■ Description of the task ■
The lines below, from the first through the one containing "Preuve qu’il faut", are to be given again exactly, with pictures left out and nothing added.

■ Data block ■
======

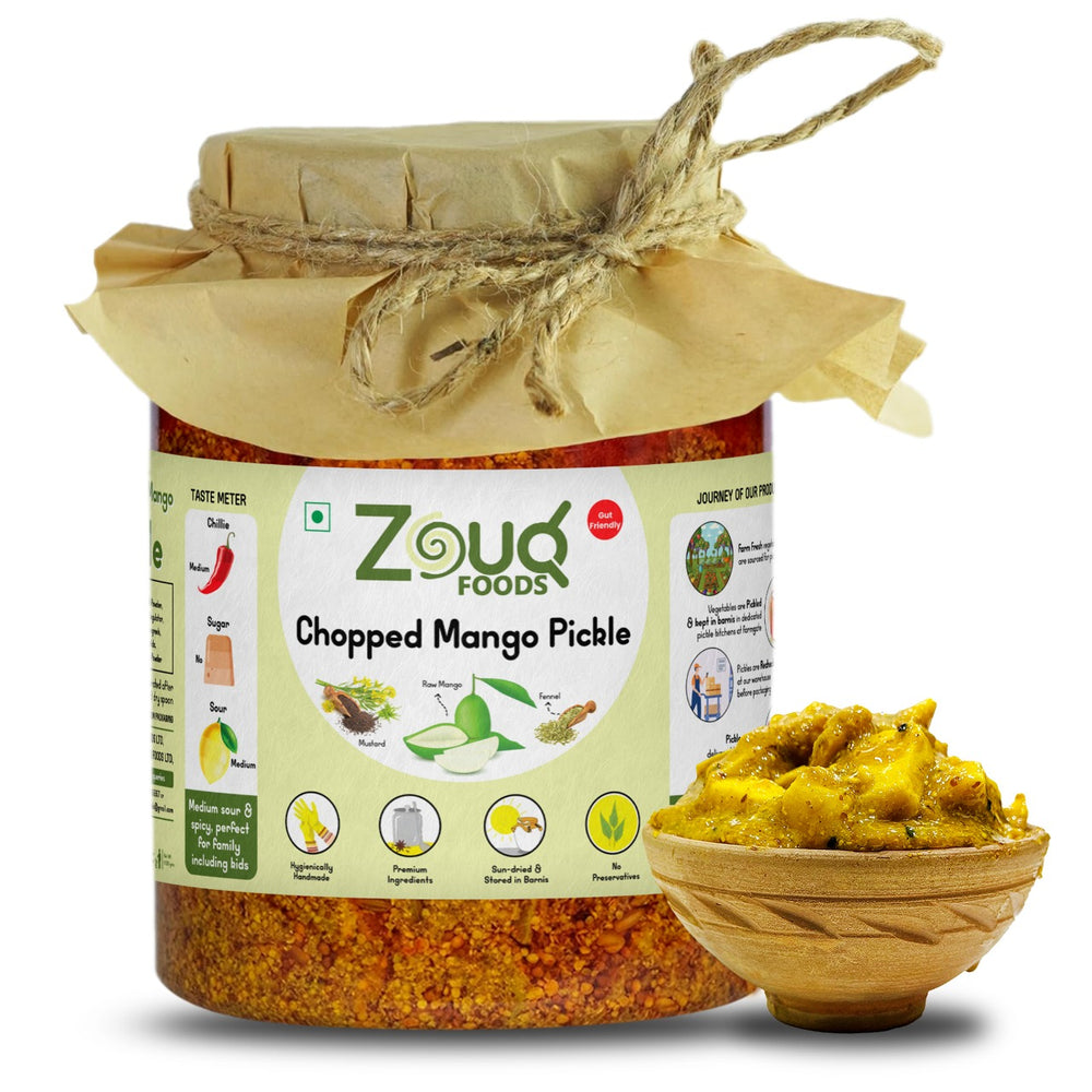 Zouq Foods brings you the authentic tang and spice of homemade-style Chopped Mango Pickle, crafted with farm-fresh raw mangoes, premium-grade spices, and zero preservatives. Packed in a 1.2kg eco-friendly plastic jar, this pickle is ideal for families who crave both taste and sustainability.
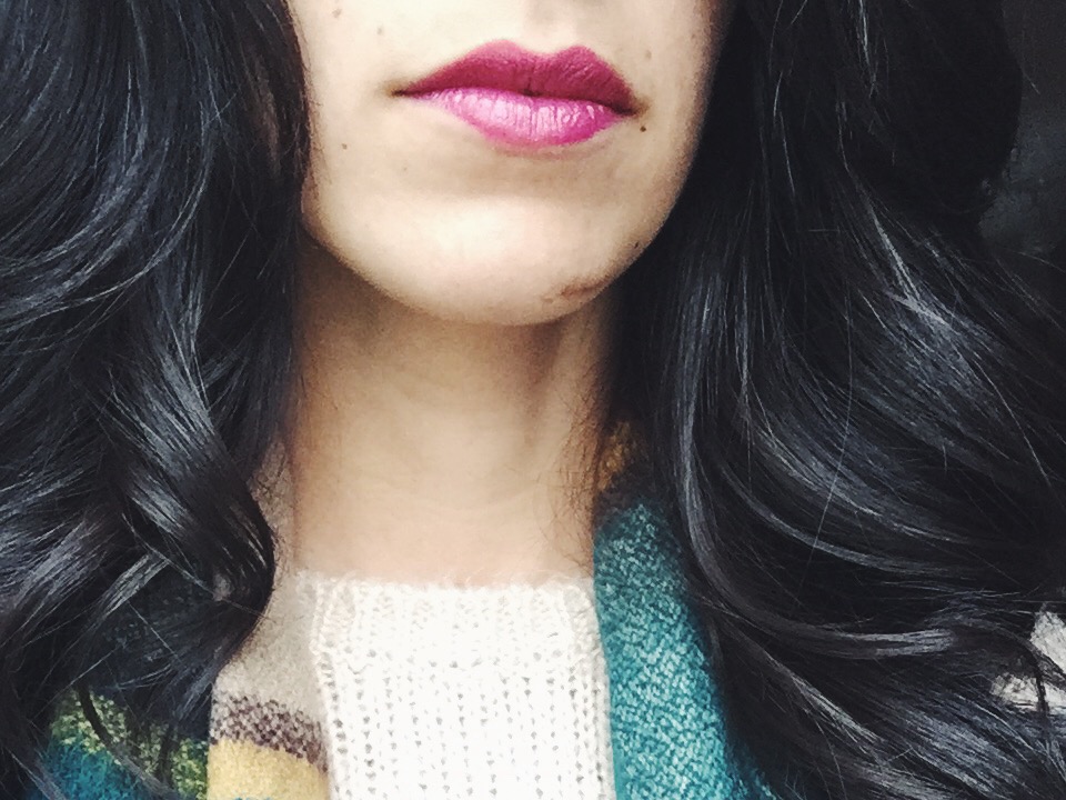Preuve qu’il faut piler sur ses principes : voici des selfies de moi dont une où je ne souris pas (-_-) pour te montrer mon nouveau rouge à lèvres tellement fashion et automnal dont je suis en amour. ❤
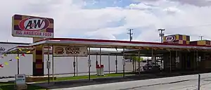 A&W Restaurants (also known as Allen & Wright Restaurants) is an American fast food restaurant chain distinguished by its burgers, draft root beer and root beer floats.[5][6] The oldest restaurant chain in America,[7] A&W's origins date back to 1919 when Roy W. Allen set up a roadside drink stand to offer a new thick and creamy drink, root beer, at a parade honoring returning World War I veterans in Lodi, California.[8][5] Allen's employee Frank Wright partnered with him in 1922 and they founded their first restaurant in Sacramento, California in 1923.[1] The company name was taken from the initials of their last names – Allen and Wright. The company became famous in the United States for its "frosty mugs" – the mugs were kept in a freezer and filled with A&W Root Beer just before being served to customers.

======

■ Answer area ■
 Zouq Foods brings you the authentic tang and spice of homemade-style Chopped Mango Pickle, crafted with farm-fresh raw mangoes, premium-grade spices, and zero preservatives. Packed in a 1.2kg eco-friendly plastic jar, this pickle is ideal for families who crave both taste and sustainability.
Preuve qu’il faut piler sur ses principes : voici des selfies de moi dont une où je ne souris pas (-_-) pour te montrer mon nouveau rouge à lèvres tellement fashion et automnal dont je suis en amour. ❤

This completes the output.